Exercise:
Reproduce without any pictures the lines from the one that contains "Катится колобок по" through the end of the records, exactly as written.

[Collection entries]
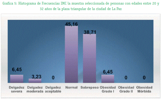 Se realizó una comparación estadística del grupo conformado por estudiantes del colegio Manuel Vicente Ballivian y la muestra seleccionada de personas con edades entre 20 y 32 años de la plaza triangular de la ciudad de La Paz, en la tabla 4 que se refiere al colegio se observó que un 0% presenta delgadez severa, 3,85% delgadez moderada, 11,5% delgadez aceptable, 57,7% normal, 19,2% sobrepeso, obesidad de grado I un 7,69% y 0% obesidad grado II y obesidad mórbida; en la gráfica 4 se observa una distribución normal donde el mayor porcentaje del 100% se encuentra en estudiantes con IMC normal que es lo que se esperaba y que significa que presentan una buena condición física ya que la relación de su estatura con su peso es aceptable. Por lo contrario podemos observar en la tabla 5 de la muestra seleccionada de personas con edades entre 20 y 32 años de la plaza triangular de la ciudad de La Paz que hay un 6,45%de delgadez severa, 2,23% de delgadez moderada, 0% de delgadez aceptable, en lo normal están un 45,2%, sobrepeso 38,7%, 6,45% de obesidad grado I y 0% obesidad grado II y obesidad mórbida, en este grupo de personas podemos observar que no hay una gran diferencia entre las que presentan un IMC normal y las personas que presentan sobrepeso, también esto se puede observar en la gráfica 5 donde la gráfica no presenta un comportamiento normal y hay gran variación de resultados.
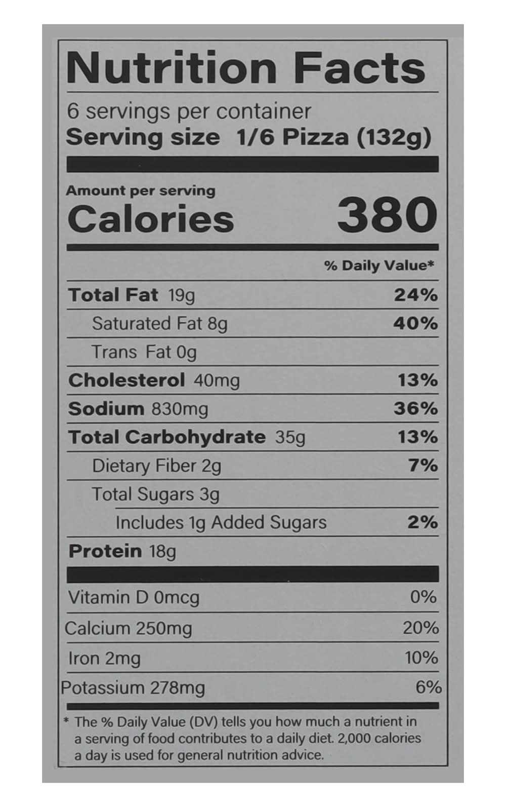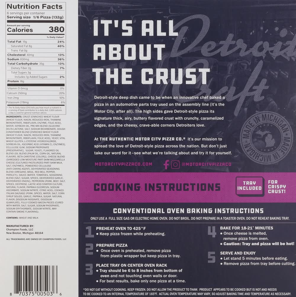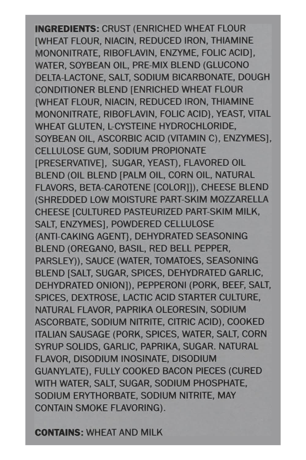 Ingredients: Crust (Enriched Wheat Flour [Wheat Flour, Niacin, Reduced Iron, Thiamine Mononitrate, Riboflavin, Enzyme, Folic Acid], Water, Soybean Oil, Pre-Mix Blend (Glucono Delta-Lactone, Salt, Sodium Bicarbonate, Dough Conditioner Blend [Enriched Wheat Flour (Wheat Flour, Niacin, Reduced Iron, Thiamine Mononitrate, Riboflavin, Folic Acid), Yeast, Vital Wheat Gluten, L-Cysteine Hydrochloride, Soybean Oil, Ascorbic Acid (Vitamin C), Enzymes], Cellulose Gum, Sodium Propionate [Preservative], Sugar, Yeast), Flavored Oil Blend (Oil Blend [Palm Oil, Corn Oil, Natural Flavors, Beta-Carotene [Color]]), Cheese Blend (Shredded Low Moisture Part-Skim Mozzarella Cheese [Cultured Pasteurized Part-Skim Milk, Salt, Enzymes], Powdered Cellulose (Anti-Caking Agent), Dehydrated Seasoning Blend (Oregano, Basil, Red Bell Pepper, Parsley)), Sauce (Water, Tomatoes, Seasoning Blend [Salt, Sugar, Spices, Dehydrated Garlic, Dehydrated Onion]), Pepperoni (Pork, Beef, Salt, Spices, Dextrose, Lactic Acid Starter Culture, Natural Flavor, Paprika Oleoresin, Sodium Ascorbate, Sodium Nitrite, Citric Acid), Cooked Italian Sausage (Pork, Spices, Water, Salt, Corn Syrup Solids, Garlic, Paprika, Sugar, Natural Flavor, Disodium Inosinate, Disodium Guanylate), Fully Cooked Bacon Pieces (Cured with Water, Salt, Sugar, Sodium Phosphate, Sodium Erythorbate, Sodium Nitrite, May Contain Smoke Flavoring) Contains: Wheat, Soybeans, Gluten, Milk, Corn
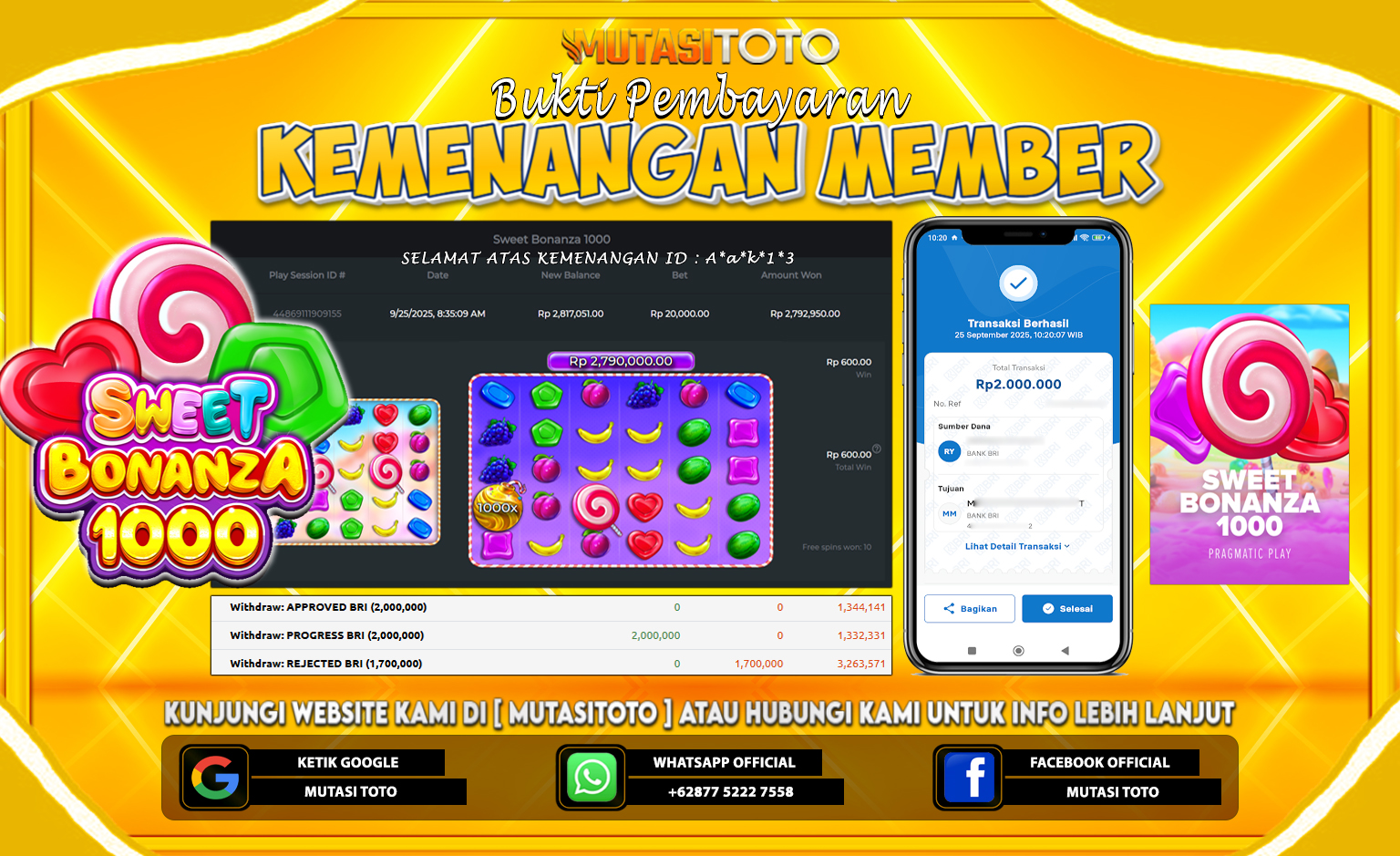 Selamat kepada member kami atas kemenangan besar nya bersama “MutasiToto”
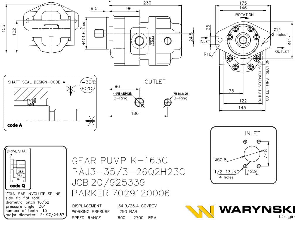 Pompa hydrauliczna K-163C JCB 214 3CX, 3CX CONfor, 4CX, Sitemaster PAJ3-35/3-26Q2H23C Waryński
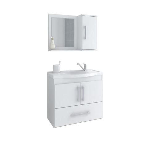 O Gabinete Para Banheiro Com Lavatório E Espelho Atenas Branco MGM Móveis 65cm, combina estilo e funcionalidade para o seu banheiro. Suspenso, possui duas portas, uma gaveta com corrediça telescópica e puxadores em ABS. A espelheira tem uma porta e duas prateleiras, enquanto a estrutura 100% MDF oferece resistência, complementada pelo lavatório de mármore sintético. Aproveite essa solução prática e durável para organizar seu ambiente. Confira na ABC da Construção e conheça o Gabinete Para Banheiro Com Lavatório E Espelho Atenas Branco MGM Móveis 65cm, o armário/gabinete para banheiro ideal para sua casa!
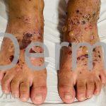 As lesões vesiculobolhosas frequentemente aparecem em um arranjo herpetiforme na pele eritematosa e/ou de aparência normal. Alguns pacientes apresentam placas anulares em expansão, enquanto outros apresentam lesões dispersas e assimétricas.
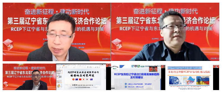 肖明江對基地取得的學(xué)術(shù)研究成果給予了充分肯定,希望基地要發(fā)揮學(xué)科優(yōu)勢,緊密結(jié)合我省經(jīng)濟社會發(fā)展需求,積極組織開展社會科學(xué)研究,形成高水平研究成果和有效的咨政建議,為遼寧全面振興全方位振興獻(xiàn)計獻(xiàn)策。論壇以“RCEP下遼寧省與東北亞經(jīng)濟合作的機遇與對策”為主題,遼寧省商務(wù)廳外貿(mào)管理處處長蘇國輝,遼寧大學(xué)教授、博士生導(dǎo)師王厚雙,大連理工大學(xué)經(jīng)濟管理學(xué)院副教授陳陣,黑龍江省社會科學(xué)院東北亞研究所二級研究員笪志剛等4位專家學(xué)者分別作了題為《以日韓合作為重點,擴展遼寧與RCEP國家經(jīng)貿(mào)合作新空間》《RCEP對東北亞區(qū)域經(jīng)濟合作的影響與對策思考》《RCEP生效后遼寧進(jìn)出口貿(mào)易發(fā)展新趨勢及對策建議》《東北地區(qū)對接RCEP面臨的機遇與挑戰(zhàn)》的學(xué)術(shù)報告。
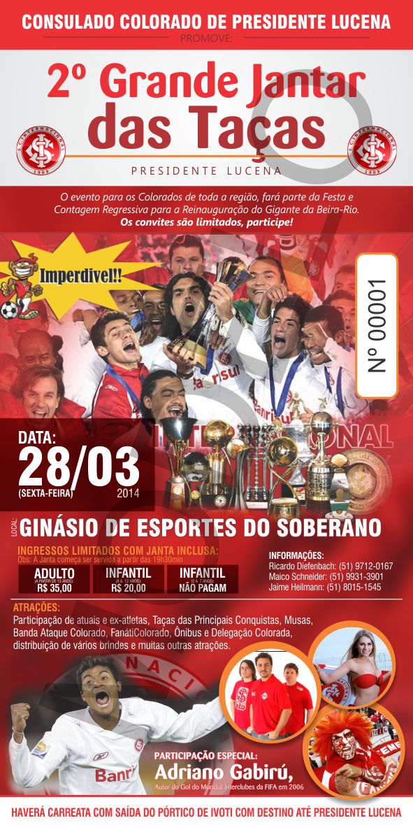 O consulado de Presidente Lucena vai realizar a 2ª edição do Jantar das Taças, reunindo torcedores e ex-atletas do Clube, no dia 28 de março, uma semana antes da reinauguração do Beira-Rio. “Não é uma data qualquer, pois estaremos em contagem regressiva para a Festa de Reinauguração do Estádio da Copa do Mundo FIFA do Brasil aqui no Rio Grande do Sul”, enfatizou o cônsul Ricardo Elias Diefenbach.
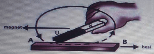 Apabila batang besi AB digosok oleh magnet dengan arah seperti pada gambar, maka kutub magnet pada titik A dan B adalah ...
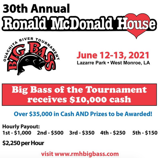 The biggest of the big bass tournaments is back and headed for the Ouachita River. It’s a fund day of fishing for a fantastic cause. Please like and share! This tournament will help fund the construction of a brand new Ronald McDonald House in St. Francis Hospital. Thank you to all who have sponsored/donated already!
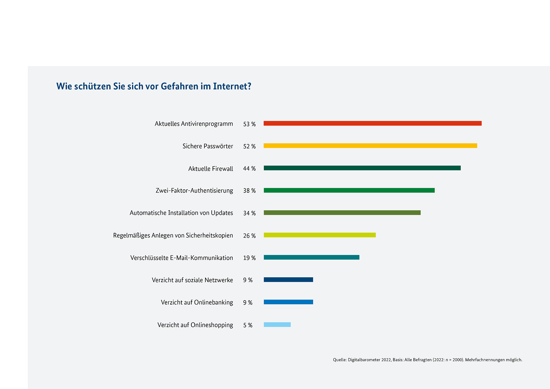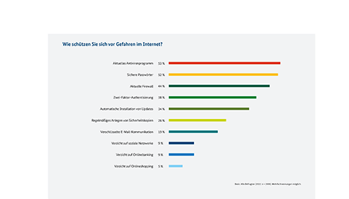 Auch hinsichtlich des Schutzverhaltens vor Gefahren im Internet setzt sich im Vergleich zum Vorjahr ein leichter Trend zu mehr Sorglosigkeit weiter fort. Die große Mehrheit der Befragten kennt dabei Schutzmaßnahmen.
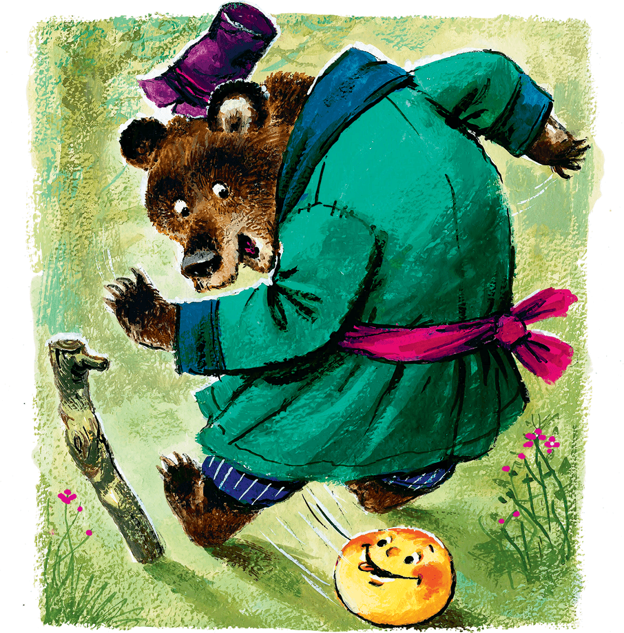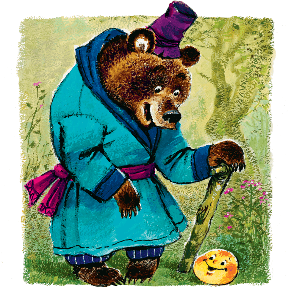 Катится колобок по лесу, а навстречу ему медведь идёт, хворост ломает, кусты к земле гнёт:
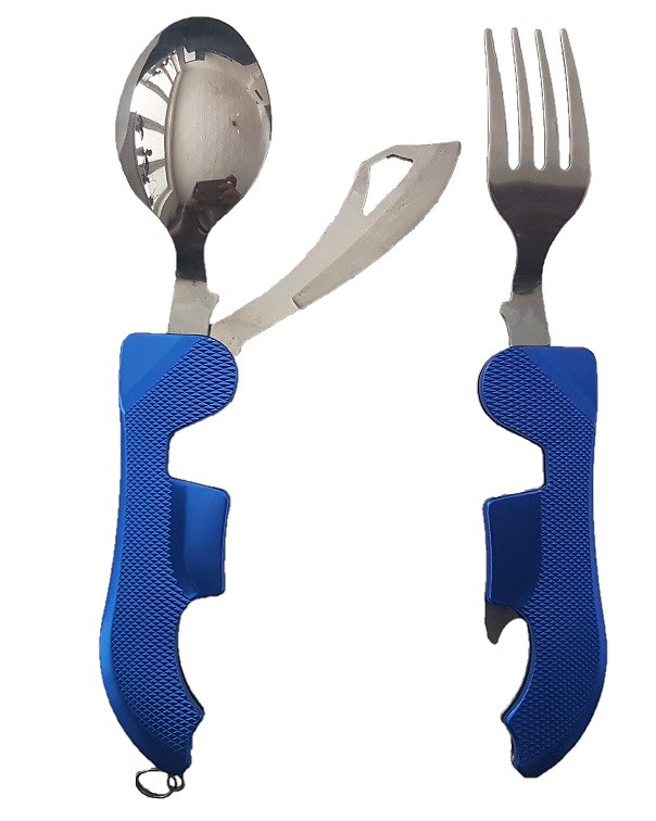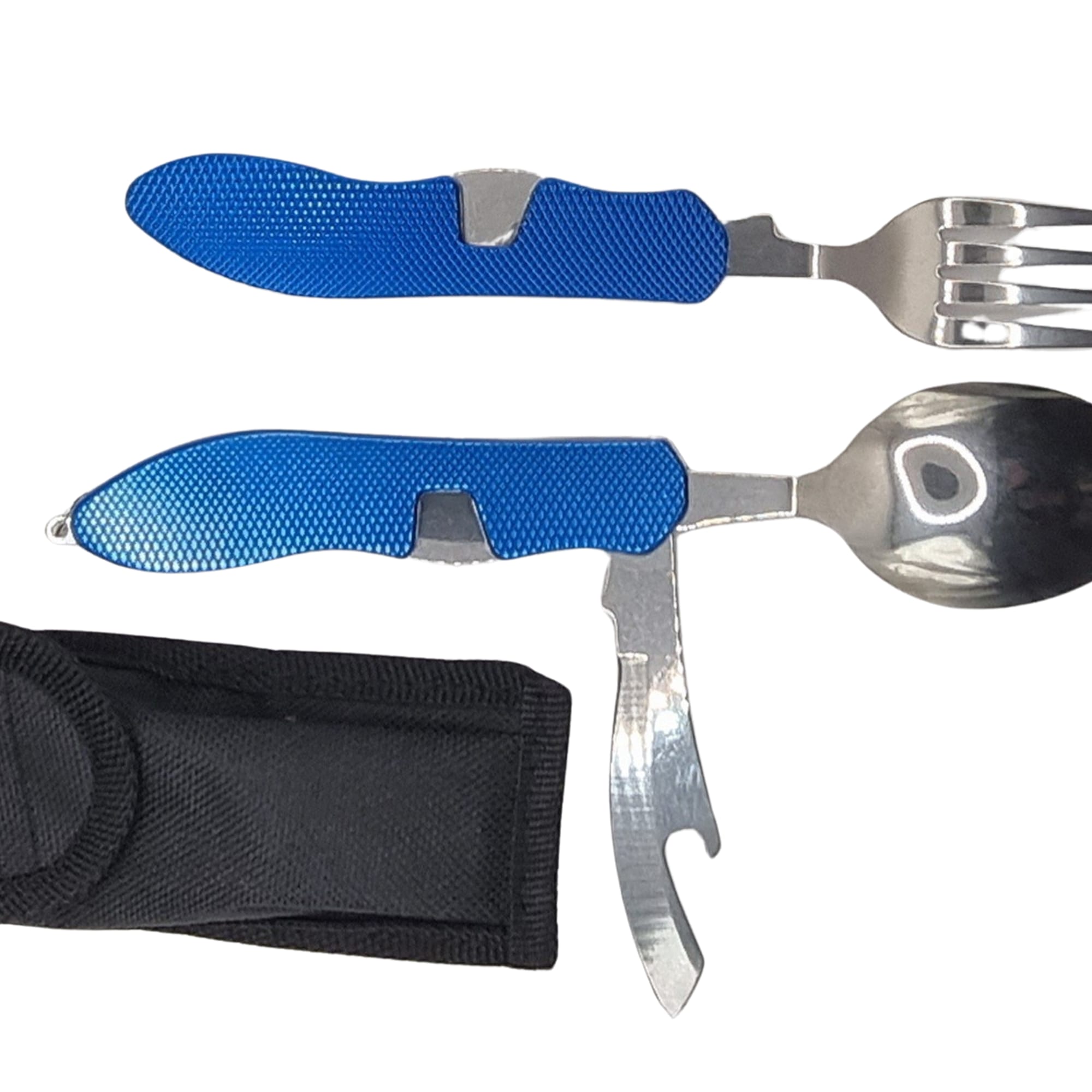 Turistický modrý príbor je vhodný na cestách, turistike, kempovaní aj rybačke. Obsahuje vidličku, lyžicu, nôž, otvárač na víno a otvárak na konzervy.
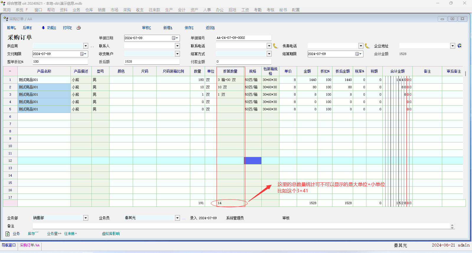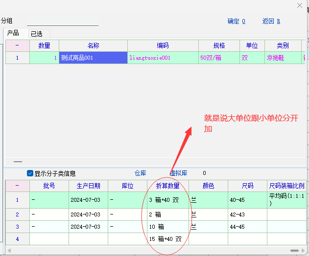 各个产品折算单位不同,,折算数量可以不显示单位直接显示几加几 , 主要做总数统计
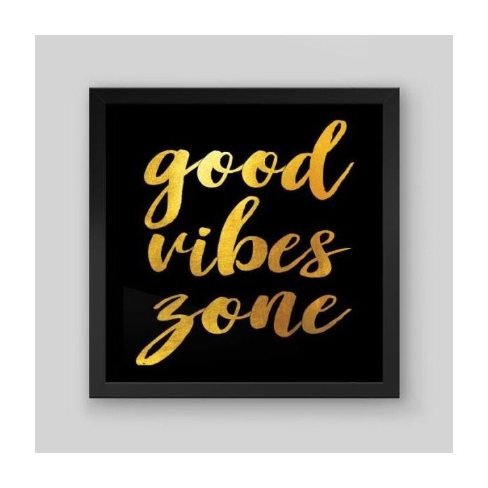 Quadro Frase Good Vibes Zone I - 30x30cm - Moldura Padrão Preto
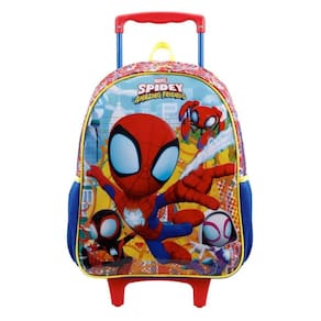 1 Bolso Principal e 2 Laterais para garrafinhas; Mochila de rodinhas e puxador resistente; Estampa Personalizada Spidey Amazing Friends; Ean: 7899768848763
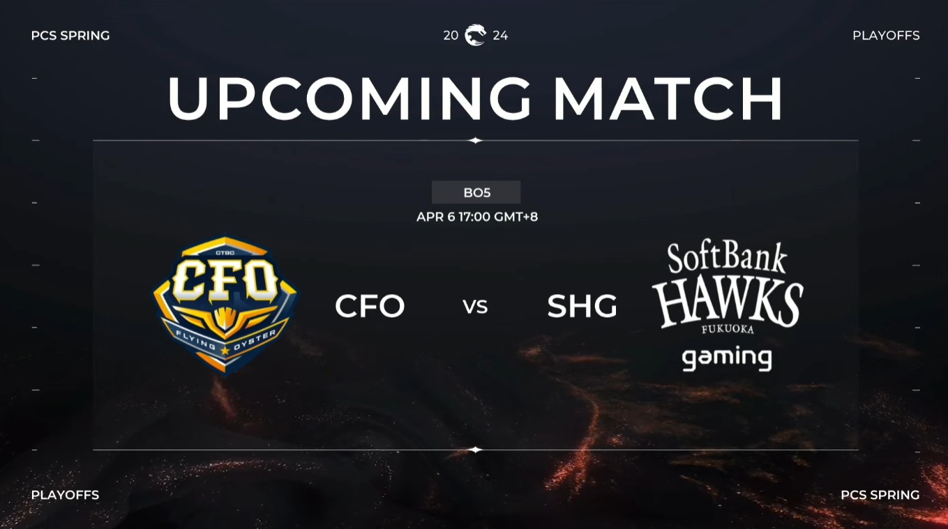 败者组决赛将在4月6日举行,日本LJL赛区的SHG将交手PCS赛区的CFO。本场比赛胜者将晋级总决赛,交手PSG。

Completed exercise:
 Катится колобок по лесу, а навстречу ему медведь идёт, хворост ломает, кусты к земле гнёт:
 Turistický modrý príbor je vhodný na cestách, turistike, kempovaní aj rybačke. Obsahuje vidličku, lyžicu, nôž, otvárač na víno a otvárak na konzervy.
 各个产品折算单位不同,,折算数量可以不显示单位直接显示几加几 , 主要做总数统计
 Quadro Frase Good Vibes Zone I - 30x30cm - Moldura Padrão Preto
 1 Bolso Principal e 2 Laterais para garrafinhas; Mochila de rodinhas e puxador resistente; Estampa Personalizada Spidey Amazing Friends; Ean: 7899768848763
 败者组决赛将在4月6日举行,日本LJL赛区的SHG将交手PCS赛区的CFO。本场比赛胜者将晋级总决赛,交手PSG。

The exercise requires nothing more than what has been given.